Promising Young Woman
Director: Emerald Fennell
Writer: Emerald Fennell
Cast: Carey Mulligan, Bo Burnham, Clancy Brown, Jennifer Coolidge, Laverne Cox, Adam Brody, Christopher Mintz-Plasse, Alison Brie, Connie Britton, Max Greenfield, Chris Lowell, Molly Shannon, Alfred Molina
Seen on: 23.8.2021
Content Note: rape, rape culture
Cassandra (Carey Mulligan) has a hobby: she goes out a lot, pretends to be drunk and waits until a man tries to pick her up and fuck, or rather rape her. Then she confronts him about his actions. Other than that, her life is pretty uneventful. She lives with her parents (Clancy Brown, Jennifer Cooldige) and works in a coffeeshop. When Ryan (Bo Burnham) comes into the coffeeshop one day, he recognizes her from college and asks Cassie out. This reconnection to her own past has unforeseen consequences for both of them.
Promising Young Woman is a strong film that is definitely worth seeing, even though it doesn’t come without flaws.
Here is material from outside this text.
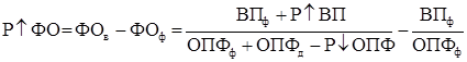 где Р↑ФО - резерв фондоотдачи; ФОв, ФОф - возможный и фактический уровень фондоотдачи соответственно; Р↑ВП - резерв увеличения производства продукции; ОПФф - дополнительная сумма ОПФ, необходимая для освоения резервов увеличения выпуска продукции; Р↓ОПФ - резерв сокращения средних остатков основных производственных фондов за счет реализации и сдачи в аренду ненадобных и списания непригодных.

It certainly leaves an impression and opens up a discussion.
Promising Young Woman gets many things very right. The way it shows just how pervasive rape culture is and how it’s not only that everyone is complicit in it, but that it is necessary for everyone (or at least a critical mass) to be complicit for it to work, is a spot-on criticism, delivered with the necessary force.
It’s also a perfectly well-made thing with a stunning Mulligan in an even more stunning performance, surrounded by wonderful supporting characters (although it would have done the film some good not to fall into the Black bestie trope, although Laverne Cox was great). Bo Burnham was never more charming, and it was easy to fall for his Ryan along with Cassie. But even more outstanding, for me, was the production design that moves somewhere between humor and weaponized softness. The story moves along at a quick pace and I was completely emotionally invested all the time. It is absolutely worth seeing, and maybe you should come back to this review when you did.
But there are two things I struggled with (and that other people struggled with as well). For one, quite simply, I wanted Cassie to survive this film. I wanted her to find some hope, some healing, instead of becoming a sacrifice (although I have to say, props to Fennell for the murder scene, because that was hard to watch – and rightly so). Her revenge quest is fucked up, there is no doubt about it. She isn’t necessarily right in what she does and there are people she hurts in ways that aren’t appropriate. But hurt people lash out and I was willing to forgive and let her heal, especially if the film had acknowledged that pain leads to more pain if it finds no other outlet, and what outlet does Cassie have? Instead the film saw the only way in finding peace for Cassie in her death, and that makes her victory (if it is a victory indeed) very hollow.
The second thing was that Nina, the person whose rape was the catalyst for the events of the film, got no say in any of it – literally. Nina is dead at the beginning of the film and we learn practically nothing about her apart from being Cassie’s friend and a rape victim. Towards the end of the film, Cassie laments that the rape obliterated Nina long before she died for real. Here, too, there is no way to survive being raped. And there is no consideration for what Nina might have wanted. Did she want to see her or any rapist punished? Did she want to be avenged? Did she want Cassie to dedicate her life so entirely to her? If I was in Nina’s position, I wouldn’t want any of it, really. Well, punishment for the rapist would be fine. But I would want my best friend to find a way to live with the horror, and not die for it.
Despite those issues there is no doubt in my mind that Promising Young Woman is an important entry into the feminist cinema canon, and it should definitely be seen – and talked about. And hopefully, it will be an eye-opener for some people about rape culture.
Summarizing: Not without issues, but really good.